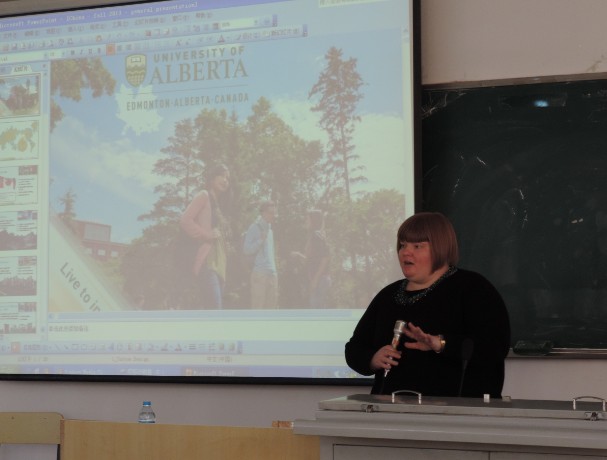 2013年11月29日,阿尔伯达大学Melissa老师专程来到外交学院与IPP学生欢聚一堂,为同学们带来了阿尔伯达大学的相关材料并详细介绍了阿尔伯达大学的情况。会上,Melissa老师与同学们分享了加拿大的概况、阿尔伯达大学的发展及所取得的成就、专业设置、职业规划等一些列问题,学生们都听得非常认真。
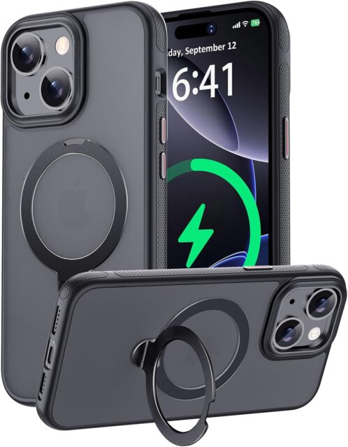 Amazonにて「iPhone 15 Case, MagSafe Compatible, Wireless Charging, Magnetic Ring, Fixed Point 360 Degree Rotating Stand, Shockproof, Durable, Anti-Yellowing, Anti-Slip, Drop Protection, Scratch-Resistant」が特価
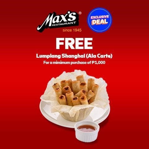 Treat your family to a Max’s Restaurant meal—you might just get a little thank you for your patronage! For a minimum spend of P1,000, you and your loved ones can enjoy a FREE ala carte serving of their famous Lumpiang Shanghai!
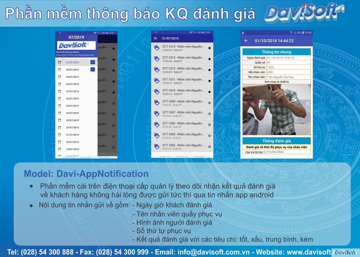 – Ngày giờ khách đánh giá – Tên nhân viên quầy phục vụ – Hình ảnh người đánh giá chụp từ máy tính bảng – Số thứ tự phục vụ – Kết quả đánh giá với các tiêu chí: tốt, xấu, trung bình, kém |

--*--

→ **WHAT YOU ARE ASKED TO DO**:
Please copy out the material above exactly, with the images removed.

→ **ANSWER SPACE**:
 2013年11月29日,阿尔伯达大学Melissa老师专程来到外交学院与IPP学生欢聚一堂,为同学们带来了阿尔伯达大学的相关材料并详细介绍了阿尔伯达大学的情况。会上,Melissa老师与同学们分享了加拿大的概况、阿尔伯达大学的发展及所取得的成就、专业设置、职业规划等一些列问题,学生们都听得非常认真。
 Amazonにて「iPhone 15 Case, MagSafe Compatible, Wireless Charging, Magnetic Ring, Fixed Point 360 Degree Rotating Stand, Shockproof, Durable, Anti-Yellowing, Anti-Slip, Drop Protection, Scratch-Resistant」が特価
 Treat your family to a Max’s Restaurant meal—you might just get a little thank you for your patronage! For a minimum spend of P1,000, you and your loved ones can enjoy a FREE ala carte serving of their famous Lumpiang Shanghai!
 – Ngày giờ khách đánh giá – Tên nhân viên quầy phục vụ – Hình ảnh người đánh giá chụp từ máy tính bảng – Số thứ tự phục vụ – Kết quả đánh giá với các tiêu chí: tốt, xấu, trung bình, kém |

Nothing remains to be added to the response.